* [EXERCISE AIM] Without any of the pictures, transcribe all the lines below exactly.

* [INFORMATION PROVIDED]
▬▬▬▬▬▬

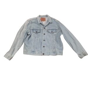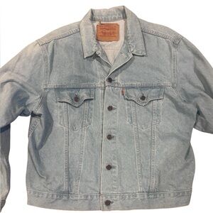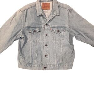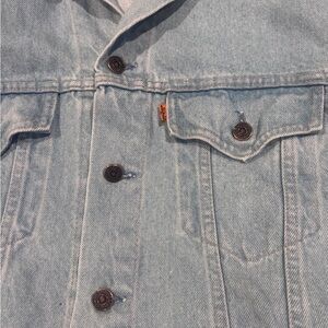 Vintage Levi’s Orange Tab Denim Trucker Jacket Light Wash Leather Patch 80s 90s
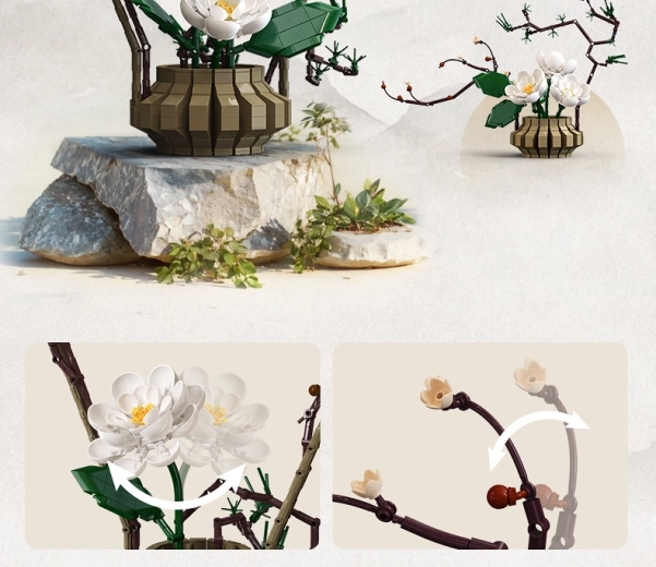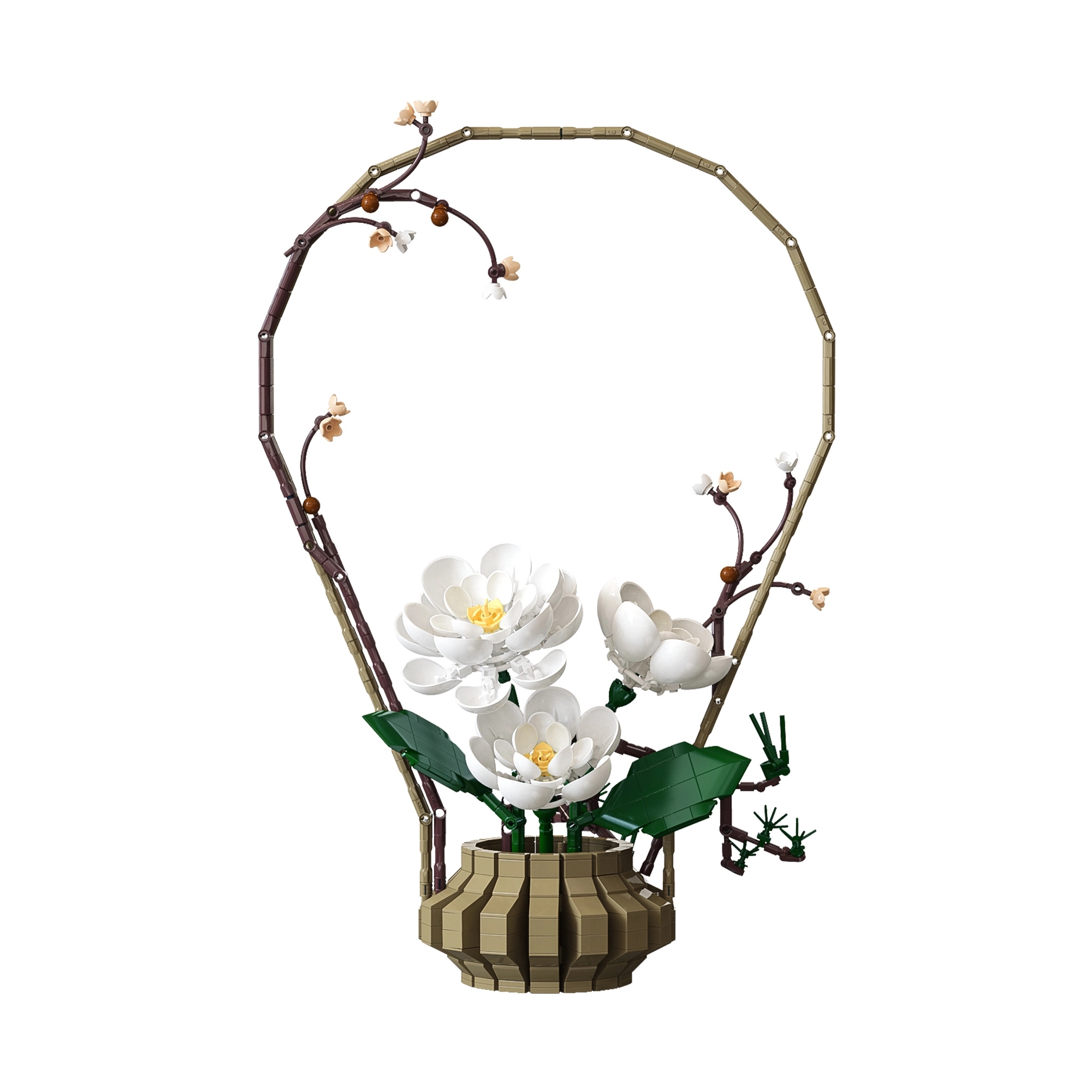 Bring et strejf af natur ind i hjemmet uden vanding. Dette elegante CaDA-byggesæt lader dig samle din egen blomsterarrangement inspireret af vinterblomster. Sættet indeholder 1001 dele og måler 49,6 cm i højden efter samling, så det er perfekt som en stilfuld dekoration til bord, hylde eller kommode.
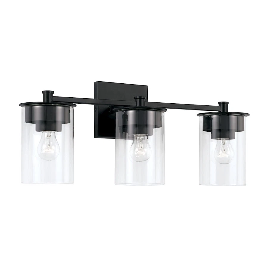 Capital Lighting Mason 3 Light Vanity, Matte Black/Clear - 146831MB-532

▬▬▬▬▬▬

* [ANSWER AREA]
 Vintage Levi’s Orange Tab Denim Trucker Jacket Light Wash Leather Patch 80s 90s
 Bring et strejf af natur ind i hjemmet uden vanding. Dette elegante CaDA-byggesæt lader dig samle din egen blomsterarrangement inspireret af vinterblomster. Sættet indeholder 1001 dele og måler 49,6 cm i højden efter samling, så det er perfekt som en stilfuld dekoration til bord, hylde eller kommode.
 Capital Lighting Mason 3 Light Vanity, Matte Black/Clear - 146831MB-532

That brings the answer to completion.